BMC Cloud Lifecycle Management is a hybrid (public/private) cloud management platform that allows you to get up and running quickly with simple, out-of-the-box use cases, and also supports more complex, production-class cloud environments.

It supports different cloud infrastructure options such as AWS, Azure, OpenStack, VMware vCloud Director etc. So, if you are running a hybrid infrastructure and don’t want to learn different tools, it may be a good option to look at. It has tools to manage scaling of cloud resources automatically based on user-defined service performance requirements. It also can automate compliance to regulatory and security policies, and ensure ongoing configuration and patching.

CA NimSOft

This is one tool that I hate, but have to mention as it comes from a very big software vendor. It is basically a repositioning of their existing IT management tools to manage cloud infrastructure.

CA Cloud Service Management is a rather lame SaaS Service Management solution that company claims to speed and streamline your service desk operations while reducing complex and repetitive tasks.

SolarWind Cloud Monitoring Tool

I have used Solarwind for Network and IT infrastructure management for years, and always liked there no fuss approach to systems management in their popular with network tools.

Now they have expanded in the cloud infrastructure space by buying Librato, a San Francisco-based Cloud monitoring company in January 2015. I haven’t got opportunity to use their newly announced tool, but based on their expertise in the space, I think it must be good.

According to the company, its software has multiple capabilities to monitor private cloud environments, which include monitoring integrated SaaS applications, compute infrastructure performance, storage infrastructure performance, and planning for capacity.
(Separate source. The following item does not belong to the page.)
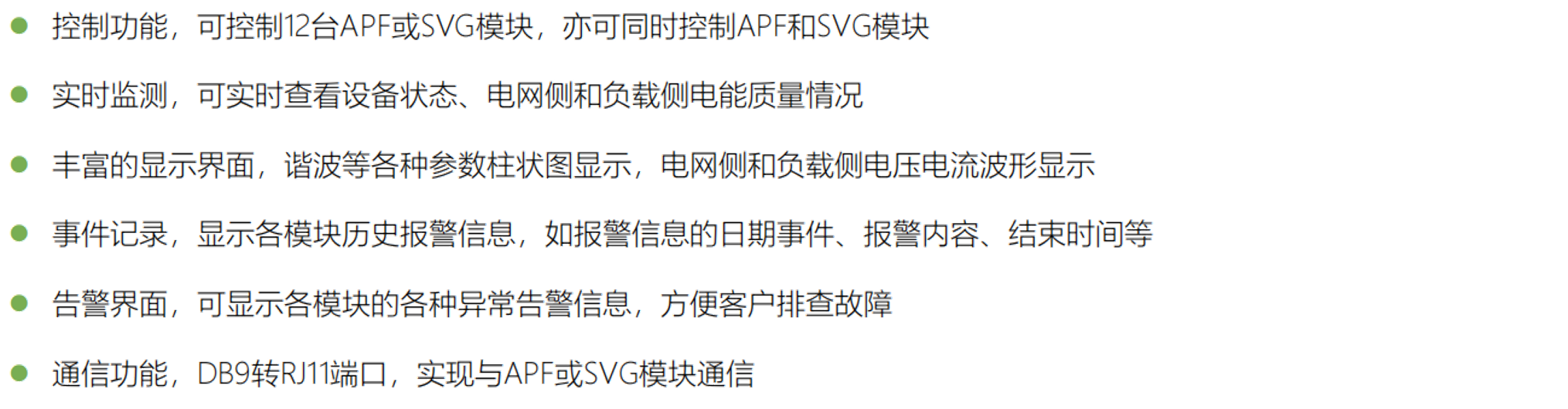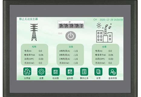 ZE-MHI觸摸屏控制器是我公司APF或SVG產品的控制單元,內置智能電能質量管理軟件,可實現控制模塊投退、參數設置、參數實時顯示、柱狀圖、波形圖等功能,控制器功能全面、安裝使用靈活、中文菜單、操作直觀方便。 觸摸屏具有串口通信接口,配置Modbus通信協議,與APF和SVG模塊聯機,上傳數據下發控制,實現用戶對APF和SVG模塊的控制和管理。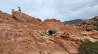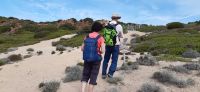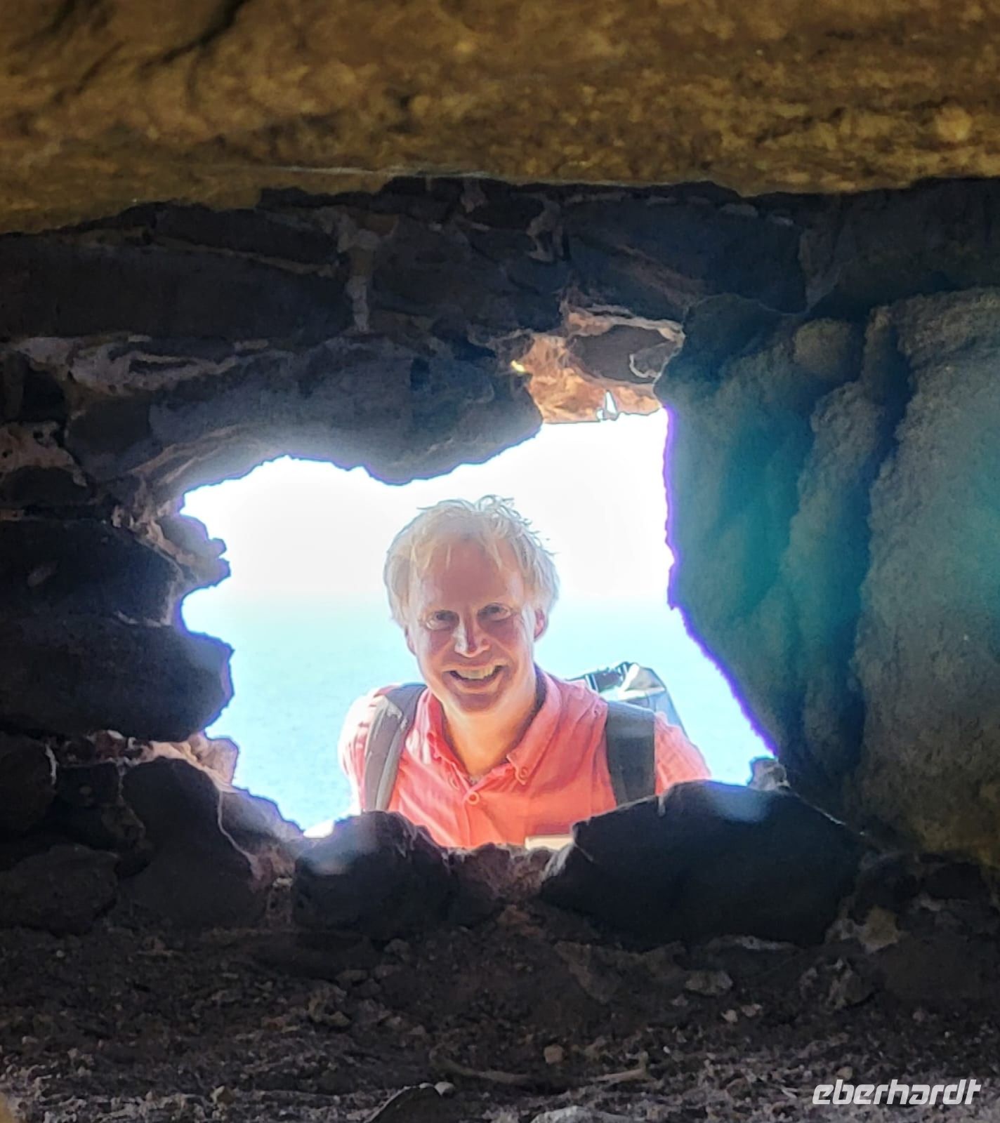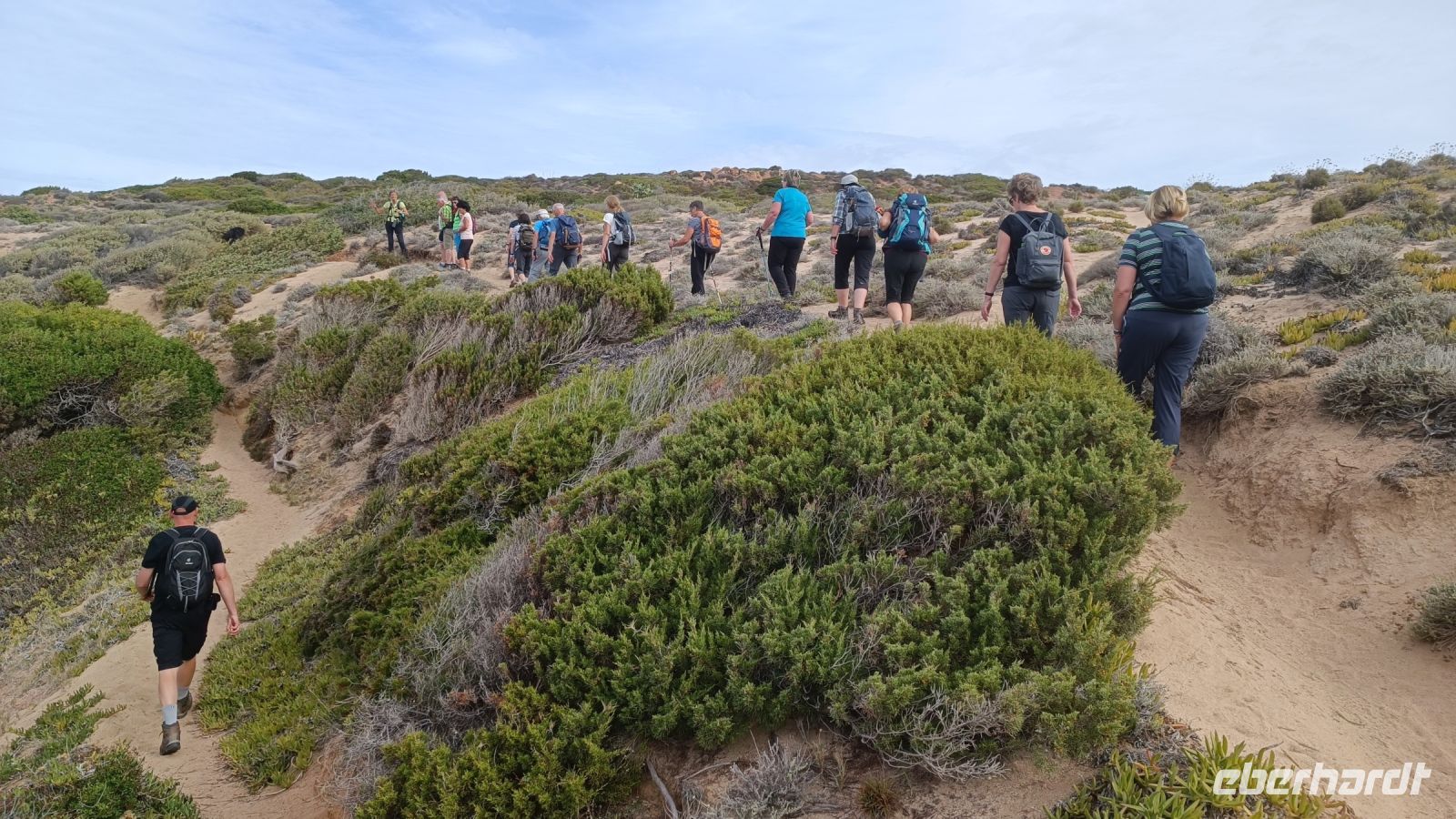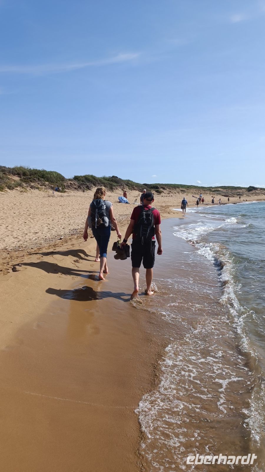Der Weg führte uns über so manchen Felsen, wo man auch mal die Hände zu Hilfe nehmen musste, bevor wir einen herrlichen Ausblick auf den Strand von Punta Argentina und Tenzisos hatten.

I would suggest go and check it since they often allow free trial.

Zenoss Cloud Monitoring

Again, if you are running a hybrid cloud and want a tool that can do it all, Zenoss is a good candidate for the same.

This tool made by Zenoss monitors public, private, or hybrid cloud environments with a unified visibility and provides real-time awareness of the entire infrastructure. Zenoss ensures relevance through a model-driven cloud operations management system which maintains a comprehensive model of every device’s hardware, software and network relations which then makes use of that model to ensure that the right monitoring service and policies are implemented on that device.

RevealCloud By CopperEgg

It is a server health and performance monitoring tool provided by CopperEgg, a small IT vendor with expertise in this area.

RevealCloud is a SaaS-based server monitoring service that provides a detailed, unified view of all of your servers, running across OS, public, private clouds, virtual and physical environments. It is capable of capturing and displaying real-time data for all system processes, CPUs, network interfaces, memory, disk I/O and more.

Like most third party tools, it too supports all cloud environments, including Amazon EC2, Rackspace, Windows Azure, SoftLayer and more, with server monitoring for Windows, Hyper-V, Linux, Mac OS X and FreeBSD operating systems.

This is just a small sampling of tools and lot interesting application monitoring tools exist for the cloud. Let me know what is your favorite tool and why.